We advocate for pilot and passenger safety by promoting regulatory change for light aircraft adoption of GPS technology to further help search and rescue missions.
As of 2018, there were 25 ongoing investigations with three determined so far to have non-responsive Emergency Locator Transmitters (ELTs). Further investigation is being conducted.
Our story and tragic journey began on June 8, 2017 when our 21-year-old son, Alex Simons, was embarking on his life-long dream of becoming a commercial pilot when he and his girlfriend Sydney Robillard went missing in their light aircraft somewhere in the interior Rocky Mountains, between Cranbrook and Kamloops, BC.
After having received his private pilot’s license, Alex rented a single-engine Piper Warrior from his flight school in Lethbridge, Alberta, to fly with Sydney to Kamloops to see family and friends. After refueling in Cranbrook, they departed around 3 pm and never arrived at their destination . In the event of an accident, the onboard 406 Emergency Locator Transmitter (ELT) recommended by Transport Canada is designed to, on impact, send a digital distress signal to a satellite system to alert the search and rescue centre. There was no ELT signal and it wasn’t until they were overdue in Kamloops that search and rescue authorities were notified. This was critical.

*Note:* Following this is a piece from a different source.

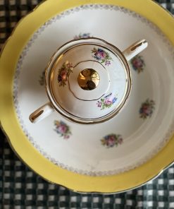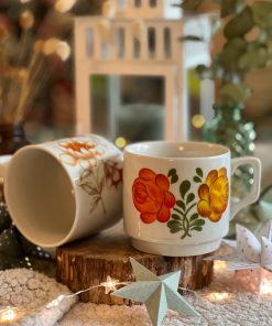 1 mug en faïence Bavaria beige moucheté et grosse fleur bleu marron

The percentage of accidents in which ELTs failed to activate
The annual cost of search and rescue missions in Canada
The number of civil aircraft in Canada that aren't equipped with a modern locator device
There was a major 11-day military search conducted over a 37,000 square kilometer area. Alex filed a flight plan but it was likely he encountered bad weather that potentially forced him to find an alternate route. There were no cell phone pings which may have been due to mountain interference and lastly, there was no radar target which indicated he may have been flying below radar detection elevations. There was nothing. They could not find them.
How and why, in this dynamic age of technology would you not be able to locate an aircraft? We needed answers. Our initial investigation of why the ELT failed led us to an astonishing history of its unreliability and we realized that there were many before us that were affected by this. We immediately feared that our story would continue to repeat itself and this prompted us to work with MP representatives on a Private Member’s Bill that all light aircraft have a GPS tracking system on board. It has been 19 months since we started this journey and there have been 3 more missing planes in Alberta and BC related to a failed ELT and countless more fatalities and injuries.

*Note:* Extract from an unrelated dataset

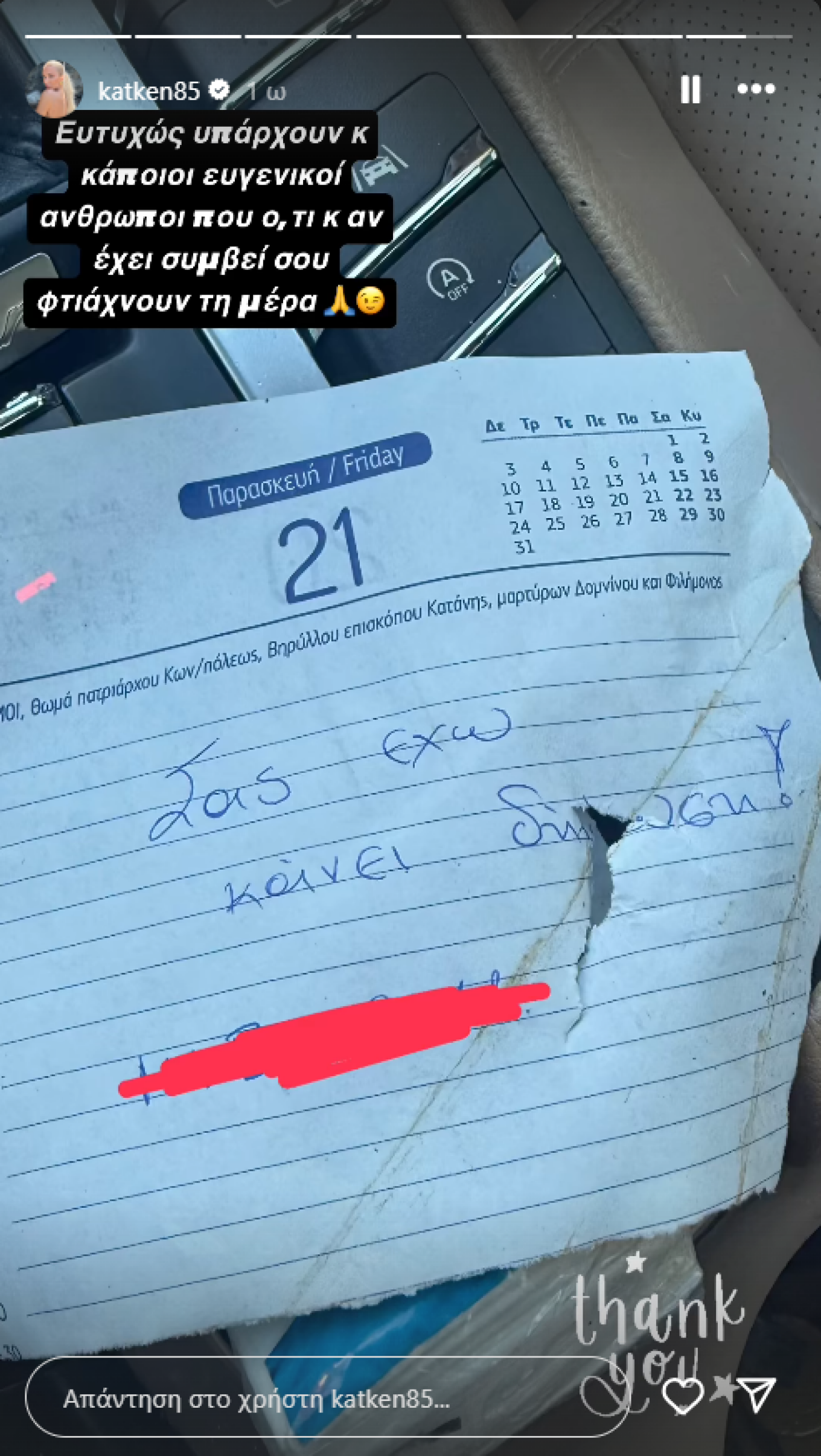 Συγκεκριμένα, «σας έχω κάνει δήλωση», έγραφε το χαρτί που βρήκε η Κατερίνα Καινούργιου στο αμάξι της. Αφού το φωτογράφισε, στη συνέχεια το δημοσίευσε στα social media και σχολίασε θετικά, το γεγονός πως το πρόσωπο που της προκάλεσε τη βλάβη, ανέλαβε την ευθύνη του: «Ευτυχώς υπάρχουν και κάποιοι ευγενικοί άνθρωποι που ό,τι κι αν έχει συμβεί σου φτιάχνουν τη μέρα», σημείωσε η παρουσιάστρια.

If we had known then, what we know now, about the unreliability of the ELT, we would have adamantly insisted that Alex carry a GPS onboard with him. What we would give to have known. ELTs FAIL.

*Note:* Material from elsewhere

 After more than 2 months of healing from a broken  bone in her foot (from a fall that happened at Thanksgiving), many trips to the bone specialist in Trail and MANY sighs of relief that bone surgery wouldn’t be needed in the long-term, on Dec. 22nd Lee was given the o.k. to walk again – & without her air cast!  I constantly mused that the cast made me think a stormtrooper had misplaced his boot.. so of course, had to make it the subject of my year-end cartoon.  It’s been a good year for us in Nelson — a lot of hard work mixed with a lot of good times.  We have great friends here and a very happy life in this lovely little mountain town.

Not only is it putting pilots and passengers at risk, but it is also a tremendous draw on search and rescue resources.
Very simply, if Alex had a GPS tracking system (approx. $500) on his rented aircraft, the chances of us finding them would have been undeniably higher and the search and rescue mission significantly reduced. As you can well imagine, it is this affordable and logical solution that brings the greatest of heartache.
We are not alone on this David and Goliath journey as there are many other families walking this storm and we are humbled by their stories of courage over sorrow. We are united in giving a voice to those who are gone and cannot speak; for the families that need healing and closure; for the safety of pilots and passengers that fly the skies now and for their families.